Le Hezbollah et les affres de l’acte d’accusation bulgare

L’acte d’accusation bulgare impliquant le Hezbollah dans l’attentat de Burgas, qui avait provoqué la mort de cinq soldats israéliens et d’un ressortissant bulgare, constitue un nouvel obstacle de taille pour le Premier ministre Nagib Mikati. Le président du Conseil, qui s’était rendu à Sofia dans le cadre d’une tournée européenne, a annoncé sa volonté de coopérer avec les autorités bulgares. L’initiative bulgare s’est accompagnée d’une demande de la part du nouveau secrétaire d’État américain, John Kerry, auprès de la responsable de la Sécurité et des Affaires étrangères au sein de l’UE, Catherine Ashton, de classer le Hezbollah sur la liste des organisations terroristes. Elle s’est également accompagnée d’un mouvement de troupes israéliennes à la frontière syro-libanaise, où des batteries de missiles Patriot ont été installées, selon des sources diplomatiques occidentales.

 

Selon des informations filtrées par des responsables sécuritaires israéliens, 2013 sera l’année de la guerre au Liban, le Hezbollah s’étant doté de missiles et d’armes sophistiqués. Pour Tel-Aviv, sa destruction est devenue une nécessité maintenant, avant qu’il ne devienne trop puissant.
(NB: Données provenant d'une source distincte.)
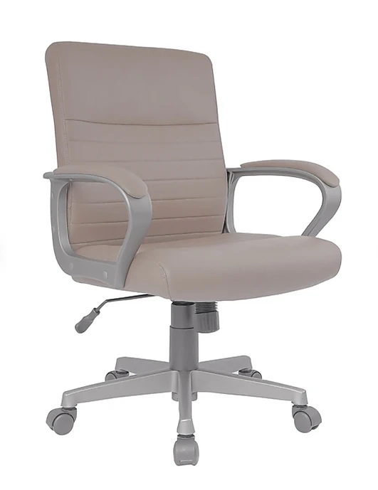 Stay comfortable while you work in this Tervina™ cream managers chair. Padded armrests provide added comfort, and built-in lumbar offers additional support. The soft upholstery looks and feels just like real leather for an elegant finishing touch. Use the pneumatic seat height adjustment and tilt tension to find then lock the perfect setup for your body.

Cependant, un diplomate occidental confirme que la décision de classer le Hezbollah dans la liste des entités terroristes est loin de faire l’unanimité en Europe. Et pour cause : cela risquerait de compromettre, entre autres, la sécurité des contingents européens de la Finul qui se trouvent au Liban-Sud.

 

(Lire aussi : Affaire Burgas : un flou total entoure les positions des pays de l'UE)

 

Des responsables occidentaux suggèrent ainsi la nécessité d’opérer une distinction entre le « bras armé » du Hezbollah et l’aile politique du parti, représentée à la Chambre et au gouvernement, une approche déjà entreprise par la Grande-Bretagne, dans le but d’aider à une mutation de la formation paramilitaire en parti politique dans la pleine acception du terme. D’ailleurs, le Hezbollah n’est pas mis au ban par beaucoup de pays européens, qui entretiennent des relations avec des responsables de ce parti.
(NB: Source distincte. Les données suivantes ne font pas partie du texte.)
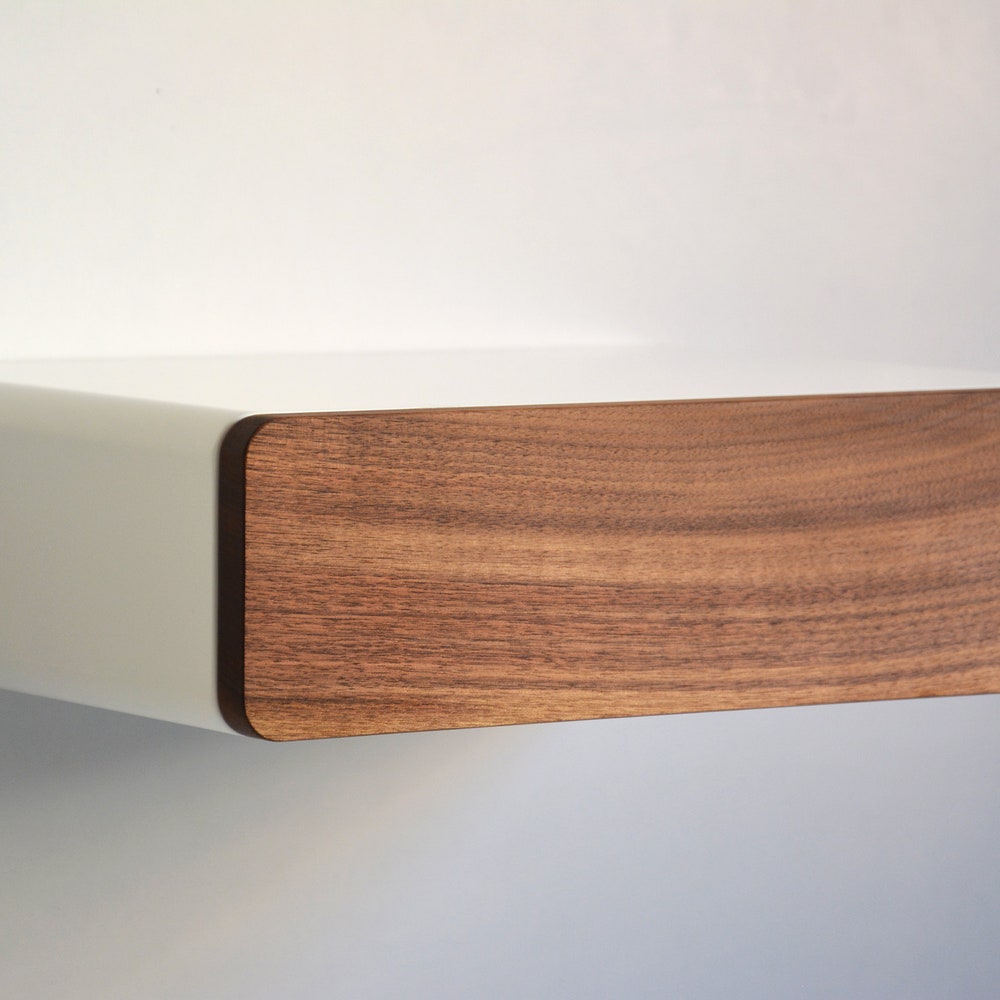 The shelves have a unique, invisible mounting system called french cleat, without any mounting brackets, which make the shelves “floating”.

Des sources sécuritaires bien informées affirment, dans ce cadre, qu’un débat se produit depuis plus d’un an au sein du conseil exécutif du parti sur la nature de l’étape à venir, ce qui a retardé la tenue de son congrès général et l’élection de ses nouveaux cadres. Selon ces sources, deux courants s’opposent ainsi. Le premier camp continue de prôner la politique de la confrontation, le recours à la violence et la nécessité de conforter la mainmise du parti sur l’appareil d’État libanais, ce qui passerait par l’urgence de maintenir en place le cabinet Mikati et provoquer un report des élections. Le vide politique arrangerait le Hezbollah, formation politique la plus disciplinée et la plus organisée du paysage politique libanais, alors qu’il sèmerait la confusion dans les rangs de ses adversaires.

 

(Lire aussi : « Le Liban ne doit pas se laisser entraîner dans un conflit qui n’est pas le sien », avertit le Quai d’Orsay)

 

Cette option est défendue par la branche du parti proche des gardiens de la révolution islamique en Iran, c’est-à-dire l’aile sécuritaire.
Le deuxième camp, lui, souhaite promouvoir le dialogue et la négociation avec les différentes parties libanaises afin de dégager un consensus sur les questions en suspens. Ces « colombes » du parti fondent leur argumentation sur le changement de la donne stratégique sur le terrain, induite par l’effondrement du principal allié de Téhéran et du Hezbollah dans la région, le régime de Bachar el-Assad.

 

Pourquoi alors s’aliéner d’ores et déjà l’opposition syrienne qui risque de se retrouver au pouvoir ? Pourquoi pousser dans le sens de la confrontation chiito-sunnite ? Pourquoi se mettre totalement en travers du printemps arabe en jouant son va-tout sur un cheval perdant et en campant sur des positions rigides... à l’heure où Washington et Téhéran sont en pleines négociations ? Pour ces « colombes », le pari de la « résistance » et de la « moumanaa » ne rapporte plus : même le Hamas a quitté Damas pour Doha et Le Caire, et il faut garder à l’esprit que John Kerry, un partisan du dialogue avec l’Iran, va déployer tous ses efforts dans les mois à venir pour relancer les négociations israélo-palestiniennes...

 

(Lire aussi : Le Hezbollah dénonce une "campagne israélienne")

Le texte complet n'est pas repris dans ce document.